Whole bunch fermentation describes a red winemaking technique where intact bunches of grapes are placed in the fermenter, rather than the grapes being de-stemmed and/or crushed.
The technique is most commonly applied to Pinot Noir and Shiraz, with the proportion of whole bunches used in Pinot Noir sometimes as high as 100%, but with 15% to 20% being more common, especially with Shiraz. Use of the technique is not common with Cabernet Sauvignon and related varieties, because the high methoxypyrazine concentration in the grape stems can result in ‘cut grass’ and ‘herbal’ characters in the wine. In previous winemaking trials with Pinot Noir and Shiraz both 50% and 100% whole bunch were trialled, with all wines being well received by workshop participants.
Application and helpful hints
The biggest risk with the use of whole bunches is the extraction of ‘grassy’ and ‘herbal’ aromas and flavours, and overly astringent tannins from the grape stems. The best results are achieved when bunches with highly lignified (woody rather than green) stems are used. The most well-lignified stems are likely to be found in relatively low-vigour sections of the vineyard, because lignification commences when shoot growth stops. Consequently, lignification tends to be lower in wet years, especially when there is mid-to-late-season rainfall which stimulates vine growth, and in high-vigour vineyards. Lignification is also likely to be lower in cool-climates and in cooler years.
It is most common for the intact bunches to be placed on the bottom of the fermenter, with destemmed and/or crushed berries placed on top. However, some winemakers prefer to place the whole bunches on top of crushed berries because they feel it makes the extent of extraction from the stems easer to monitor, and note that greater extraction from the stems occurs when whole bunches are fully submerged. Thus, for instance, a 20% whole bunch inclusion will result in different sensory outcomes depending on whether they are placed on top of or underneath crushed berries. Regardless of where they are placed, as the fermentation progresses, the intact bunches are often partially or wholly crushed by plunging, or traditionally by foot-treading.
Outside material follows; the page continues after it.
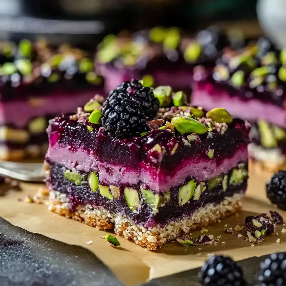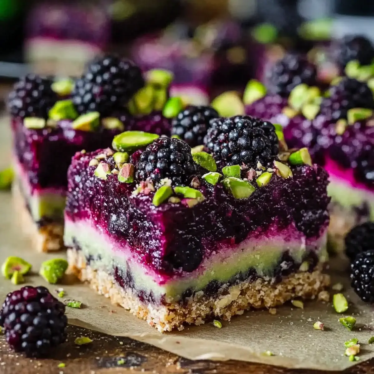 As I stood in my kitchen, the sweet-tart aroma of fresh blackberries began to mingle with the nutty scent of finely ground pistachios—a tempting invitation I couldn’t resist. These Blackberry Pistachio Dream Bars are a no-bake marvel that combines rich, creamy layers with a crunchy biscuit base, making them a delightful addition to any gathering. This simple yet stunning dessert not only impresses guests but also frees up your time for more important moments with loved ones. Whether you’re looking for a crowd-pleaser or a quick sweet fix, these bars are sure to satisfy. Who can say no to a treat that feels elegant yet is incredibly easy to whip up? Ready to discover how to create these little gems? Let’s dive in! Why are these bars so irresistible? Simplicity: This no-bake recipe is quick and requires minimal effort, making it an excellent choice for busy home cooks. Perfectly Balanced Flavors: The tartness of blackberries marries beautifully with the rich, creamy pistachios, creating a well-rounded taste that delights every palate. Versatile Variations: Don’t hesitate to customize! Substitute blackberries with raspberries for a zesty twist or try a dairy-free option to cater to different dietary needs. Crowd-Pleaser: These bars are a guaranteed hit at any gathering, showcasing elegance without the fuss. Pair them with a scoop of vanilla ice cream for an extra special treat! Make-Ahead Magic: Ideal for preparing a day in advance, allowing flavors to meld while giving you more time to enjoy with family. Ready to impress? Let’s get started on your Blackberry Pistachio Dream Bars! Blackberry Pistachio Dream Bars Ingredients For the Crust Digestive Biscuits – A sturdy base that adds crunch; substitute with graham crackers for a sweeter twist. Unsalted Butter – Binds the crust together; ensure it’s melted for smooth integration. For the Pistachio Filling Pistachios (finely ground) – Creates a creamy texture; grind gently to avoid over-processing. Powdered Sugar – Sweetens the pistachio layer while maintaining its silky consistency. Heavy Cream – Encourages binding; cold cream helps achieve a fluffy texture. Cream Cheese – Essential for the filling; allow to soften to avoid lumps. For the Blackberry Topping Granulated Sugar – Sweetens the topping; adjust to your taste preference. Fresh Blackberries – Adds tartness and vibrant color; be sure to rinse and dry thoroughly. Fresh Lemon Juice – Brightens the blackberry flavor and balances sweetness. Cornstarch – Thickens the topping; mixing with sugar first prevents clumps. For Garnishing Chopped Pistachios – Adds texture and a delightful crunch on top of the bars; sprinkle generously for visual appeal. These Blackberry Pistachio Dream Bars are a glorious blend of flavors just waiting to be enjoyed! Step‑by‑Step Instructions for Blackberry Pistachio Dream Bars Step 1: Prepare the Pan Start by lining an 8×8 inch square baking pan with parchment paper, allowing some overhang for easy removal later. This step not only helps in preventing sticking but also makes cutting the bars simpler. Set the lined pan aside, ready for the delicious layers of your Blackberry Pistachio Dream Bars. Step 2: Crust Preparation In a mixing bowl, crush the digestive biscuits into fine crumbs using a food processor or a rolling pin. Transfer the crumbs to a bowl and mix in the melted unsalted butter until well combined. Press the crumb mixture firmly into the bottom of the prepared pan, creating an even layer. Aim for a dense, compact crust that will hold up under the creamy filling. Step 3: Pistachio Layer In a clean bowl, blend finely ground pistachios with powdered sugar and heavy cream using an electric mixer on medium speed until smooth and creamy. This should take about 2-3 minutes, and the mixture should hold its shape without being too dry. Spread the pistachio mixture evenly over the crust layer, smoothing it down with a spatula, and chill in the refrigerator for at least 20 minutes to set. Step 4: Cream Cheese Layer In another mixing bowl, beat softened cream cheese and additional powdered sugar until fluffy, adding a splash of vanilla extract for flavor enhancement. This process should take about 3-5 minutes; the mixture should be light and airy. Gently spread the cream cheese filling over the chilled pistachio layer, ensuring an even distribution. Chill again for 15-20 minutes to allow the layers to firm up nicely. Step 5: Blackberry Topping In a small saucepan over medium heat, combine fresh blackberries, granulated sugar, fresh lemon juice, and cornstarch, stirring gently. Cook for about 5-7 minutes until the mixture becomes thick and jam-like, bubbling slightly. Pour the warm blackberry topping over the cream cheese layer, smoothing it to cover adequately. This vibrant layer adds a delightful tartness that complements the creamy layers beautifully. Step 6: Chill and Serve Cover the pan with plastic wrap and refrigerate the assembled Blackberry Pistachio Dream Bars for at least 4 hours, or ideally overnight. This allows the flavors to meld and the bars to set completely. When ready to serve, lift the bars out using the parchment overhang, cut into squares, and garnish with chopped pistachios for an extra crunch before enjoying with friends and family. What to Serve with Blackberry Pistachio Dream Bars Bring your dessert game to a whole new level by complementing these delightful bars with perfectly paired accompaniments. Vanilla Bean Ice Cream: The creamy, smooth texture of vanilla bean ice cream contrasts beautifully with the crunchy pistachio notes, enhancing the overall indulgence. This classic pairing elevates your dessert experience to a whole new level, offering a delightful temperature and texture juxtaposition. Fresh Mint Leaves: These fragrant leaves add a refreshing burst of flavor that brightens each bite, enhancing the tartness of the blackberries. Simply garnish your bars with a sprig of mint for an elegant

Even with ‘100%’ whole bunch fermentations, many winemakers will ensure that there is some liberated juice in the bottom of the fermenter. When it starts to ferment, either through yeast-inoculation or spontaneously, the CO2 produced will help to protect the remainder of the fruit from oxidation until full fermentation commences.
For several reasons, greater consistency in sensory outcomes is achieved with greater experience using the technique. For instance, during fermentation it is very difficult to obtain a representative sample to conduct sensory assessment, and therefore visual inspection becomes more important. Some winemakers take note of colour changes in the stalks as an indicator of optimal extraction, and may decide to press before fermentation is complete. Making a photographic record of stalks at various stages during fermentation may be useful for improving control and consistency in subsequent fermentations and seasons.
During pressing the stems act as drainage channels through the mass of skins and seeds, which means that musts containing whole bunches generally press very easily and quickly. However, this can also mean that during pressing, a sudden change from positive to negative sensory characters can occur, and for this reason it is important to continually taste from the press tray to identify if there is a change to ‘grassy’ and ‘herbal’ aromas and flavours or overly astringent tannins.
At pressing a substantial quantity of sugar may be liberated from intact berries, and it is therefore important not to allow the wine to cool down dramatically during and after pressing, in order to avoid stuck fermentation.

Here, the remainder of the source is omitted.